This poor sod still thinks democracy was either a mistake or a favour and therein is a horrible truth. He posts a picture of a full beach.
Full of families and happy people celebrating a New Year’s tradition that has been in place for as long as I can remember and has always been this way. I love the tradition.
Our white privilege however needs to be sharply checked. Numbers and volumes coming to the beach, for the vast majority of people, is a rare family outing.
These are the real working class. Families where fathers and sons work far away and see their families only at this time of year, and save all year for the celebration of New Year where a dip in the sea is not a R3,000 a day self-catering apartment with a sea view balcony and Weber braai, but an overcrowded taxi and limited resources.
It is a swim to wash away the troubles of the year gone by and be refreshed for the year to come.
It is not the fault of the masses that councils grossly underplan for the day. It is not the fault of the masses that there are inadequate loos, bins, support and crowd control or facilities of any kind.

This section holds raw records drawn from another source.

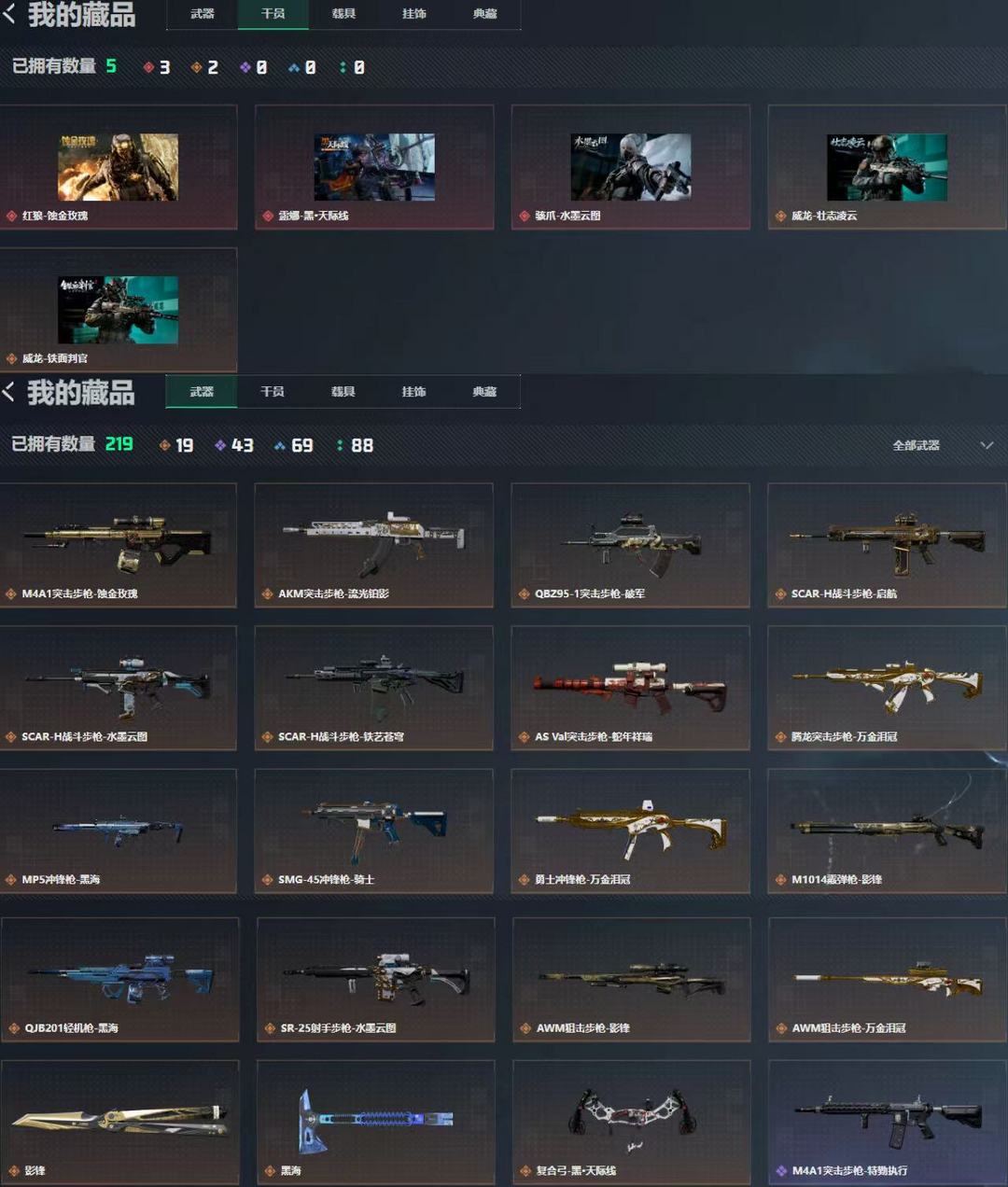 【青铜II】黑波25套西部套显卡爪夜刃镰天玄刀/猫猫混沌紫金双城狂徒侦察莲花幻影离子大狙天界鬼魅挂机司马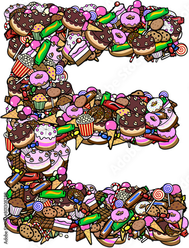 Buchstabe E zusammengesetzt aus vielen bunten Süßigkeiten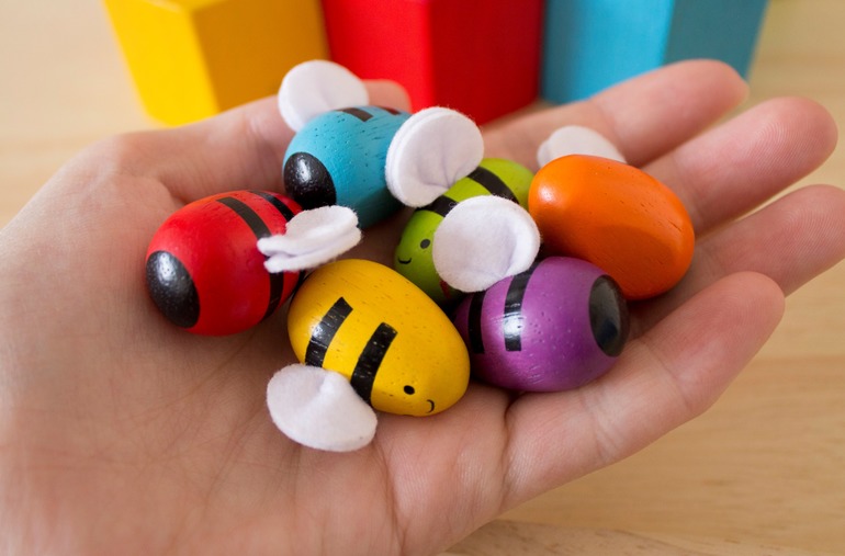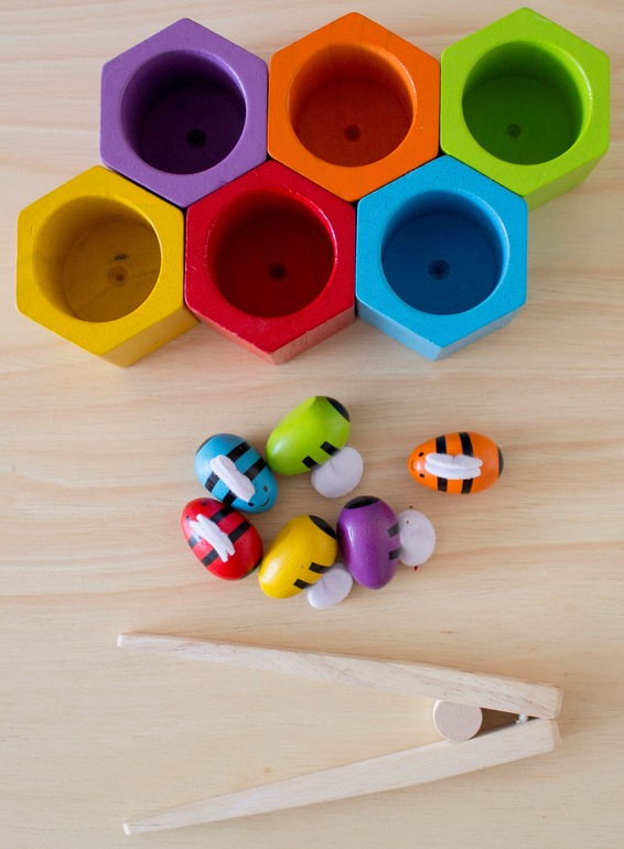 Пока малыш маленький, он может раскладывает этих миленьких пчелок по сотам пальчиками. Станет постарше, будет использовать пинцет основной стороной, а еще старше обратной стороной, что еще сложнее.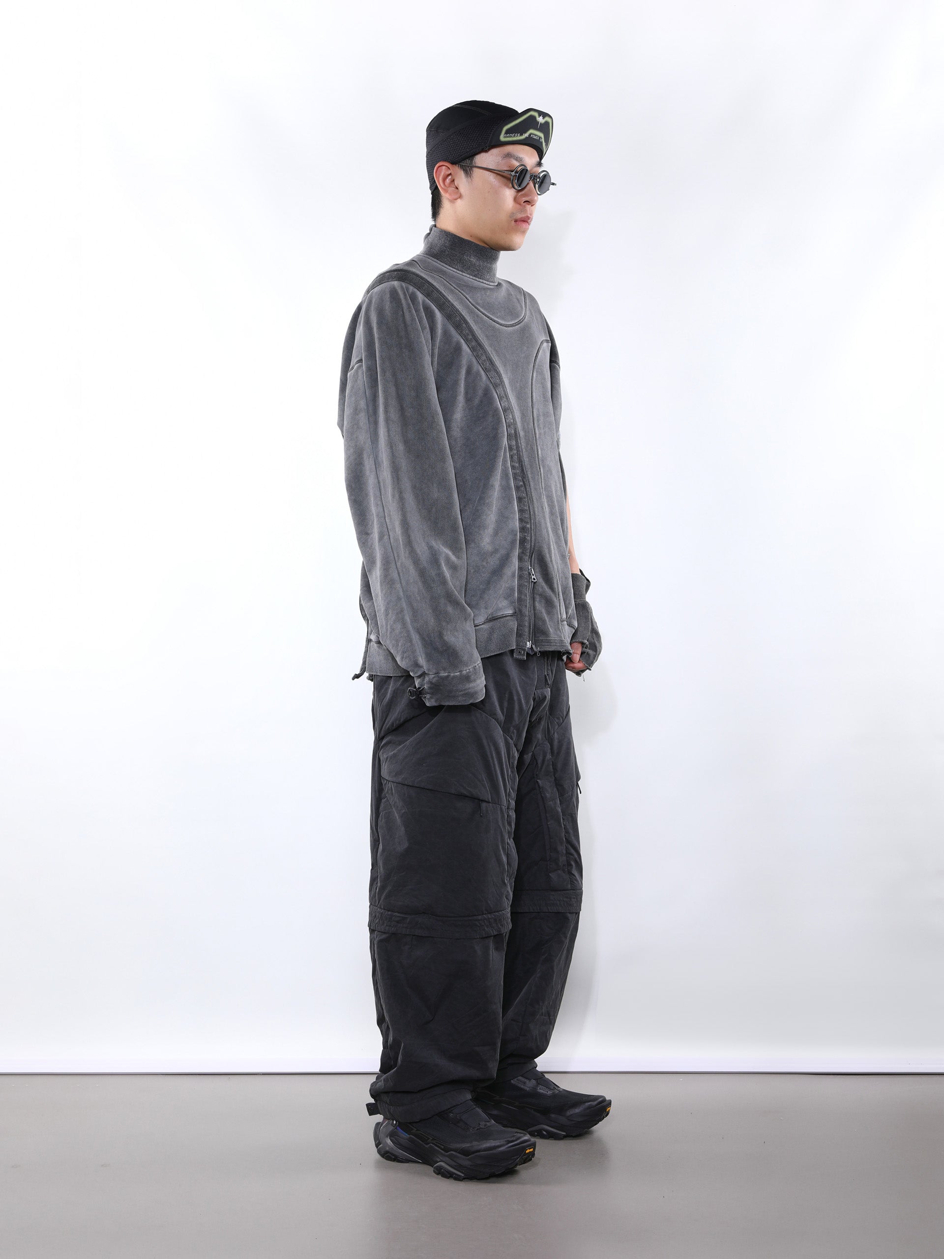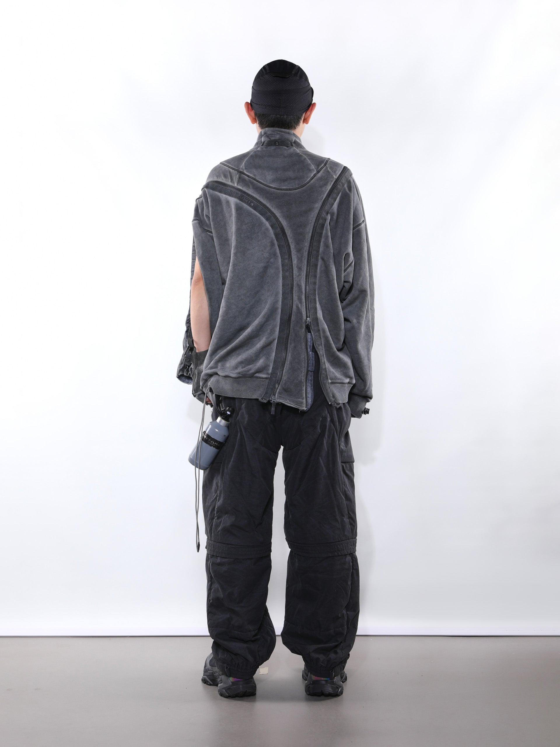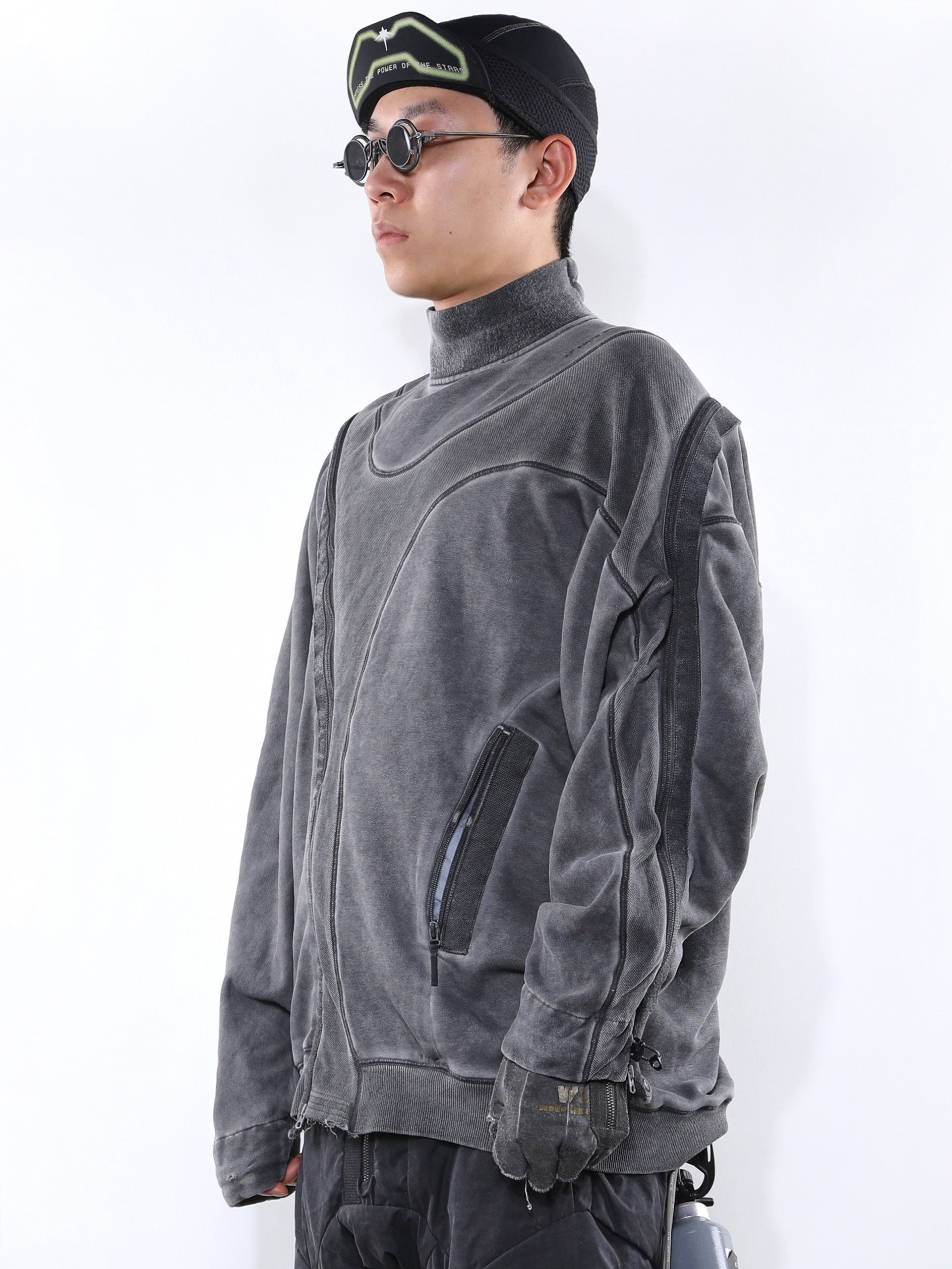 _Two long zippers wrap around the body and run along the sleeves for versatile styling.

And it is not the fault of those families travelling great distances that there is always that element that act disgracefully. Any country, any big gathering, anywhere in the world, and there are always those common denominators of the mess left behind and the few that spoil it for the many.
All this aside however, what wrecked it for me, was not the mess, not the chaos, not the vandalism (sadly) in some coastal towns, but the attitude of Louis and racist replies on his post.
Truth is that my South Africa has no room for him or his ilk. None at all. His kind are just tourists on rapidly expiring visas. Best part is that he self-shamed. And shamed he is. Racist, we see you.
This year I am taking his advice though. I am voting again. Not just for good governance in our municipalities, but with my feet (and cozzie). Next New Year’s Day we’ll not be doing the Bugger All. We will be on Margate beach, my china, washing away the old, and celebrating the new. Right where I belong.
Because I am African. And I love it.
More Photos of New Year’s Day on the Beach in Durban,
01 January 2016 – by Sam Cross
“Sharp sharp. Happy new year. People were having an awesome time here and the fashions were brilliant…
“The lifesavers were doing a fantastic job and seemed to have everyone under control. I think they would have slept well that night. :0)
“And the Seagulls were very happy the pier was closed off. They had a place to land and take a breather.
“And look at that…lovely neat little piles of rubbish everywhere.”
No drownings were reported at patrolled beaches. This year’s other statistics haven’t yet been released but last year eThekwini Municipality’s Head of Communications, Tozi Mthethwa, told SAPeople that approximately 387,100 people attended the Durban beaches on New Year’s Day with 110 lifeguards on duty, and all separated children had been reunited with their families.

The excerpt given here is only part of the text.